=== Begin Enclosure ===

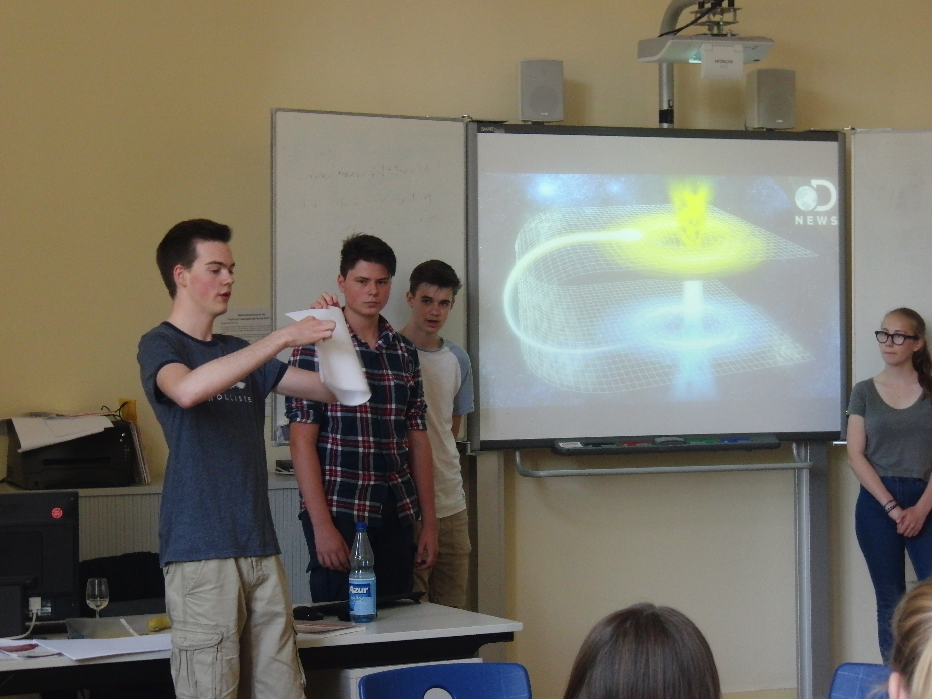 Dieses Coaching war dem Wettbewerbserfolg von Marten Karl, William Koch und Lucas Schorling (alle Q2) beim MINT-EC SchoolSlam 2016/17 zu verdanken. Ihr Beitrag zur speziellen Relativitätsheorie wurde am 24.02.2017 in Berlin ausgezeichnet (zum Bericht).
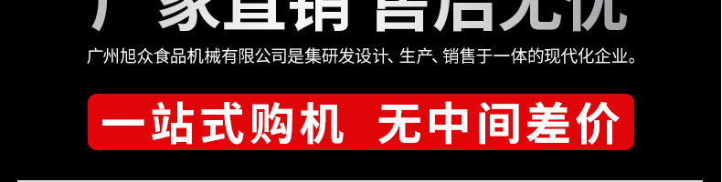 廣州旭眾食品機械有限公司是一家集科研開發(fā),生產(chǎn)設(shè)計,營銷服務(wù)為一體的現(xiàn)代化生產(chǎn)企業(yè)。現(xiàn)代化生產(chǎn)車間,精湛制造技術(shù),所產(chǎn)機械歷經(jīng)市場重重考驗,不斷贏得海內(nèi)外客戶的贊譽。
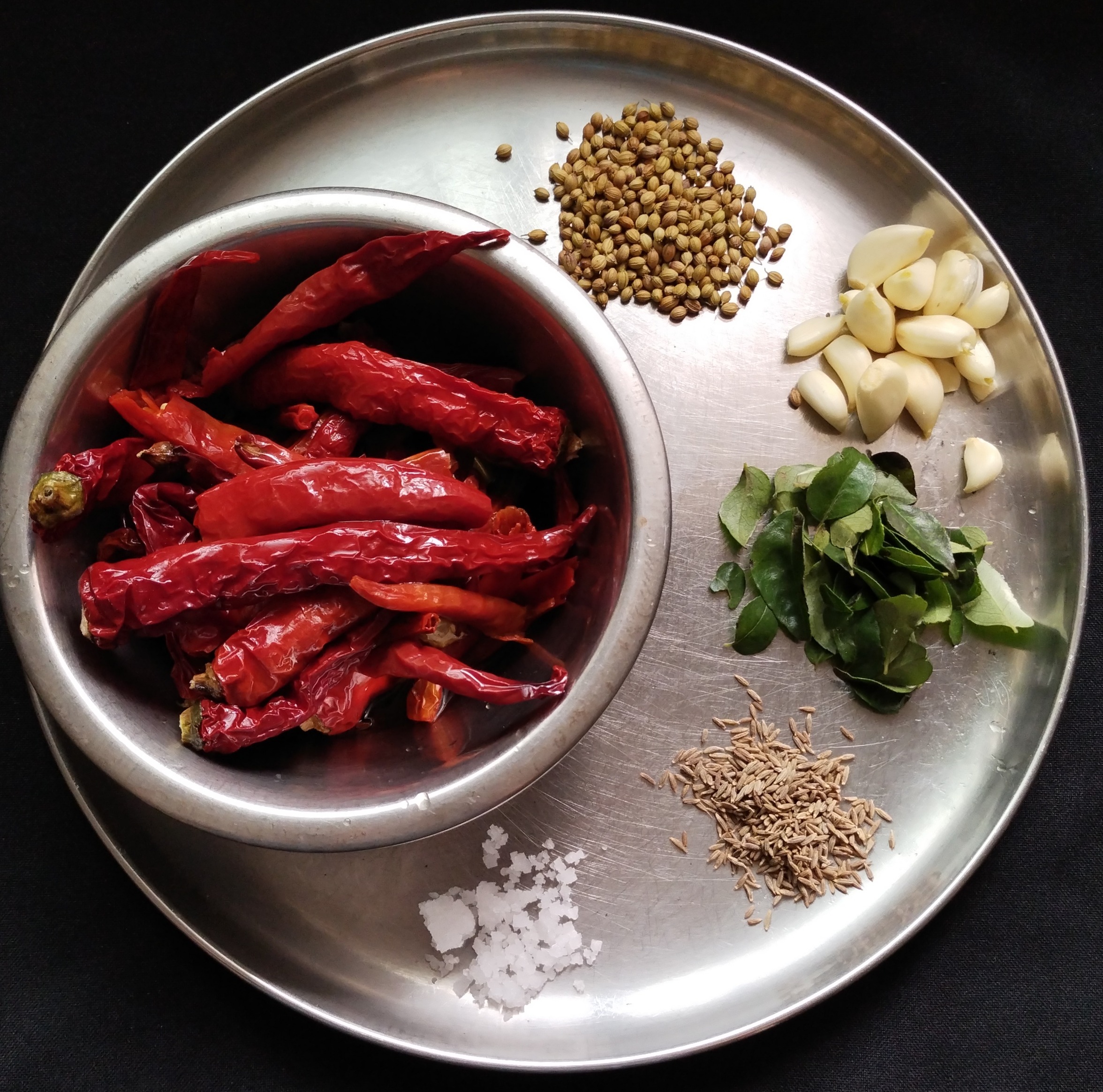 Take a mixer jar add garlic, zeera , coriander seeds, curry leaves, salt to taste & jaggery grind it along with soaked red chillies to paste 👉90 % coarsely adding very little soaked water. The consistency of the Chunety should be a 👉little thicker than the normal Chunety.

=== End Enclosure ===

**EXERCISE BRIEF:** Output all the data above verbatim, leaving out images.

**RESULT:**
 Dieses Coaching war dem Wettbewerbserfolg von Marten Karl, William Koch und Lucas Schorling (alle Q2) beim MINT-EC SchoolSlam 2016/17 zu verdanken. Ihr Beitrag zur speziellen Relativitätsheorie wurde am 24.02.2017 in Berlin ausgezeichnet (zum Bericht).
 廣州旭眾食品機械有限公司是一家集科研開發(fā),生產(chǎn)設(shè)計,營銷服務(wù)為一體的現(xiàn)代化生產(chǎn)企業(yè)。現(xiàn)代化生產(chǎn)車間,精湛制造技術(shù),所產(chǎn)機械歷經(jīng)市場重重考驗,不斷贏得海內(nèi)外客戶的贊譽。
 Take a mixer jar add garlic, zeera , coriander seeds, curry leaves, salt to taste & jaggery grind it along with soaked red chillies to paste 👉90 % coarsely adding very little soaked water. The consistency of the Chunety should be a 👉little thicker than the normal Chunety.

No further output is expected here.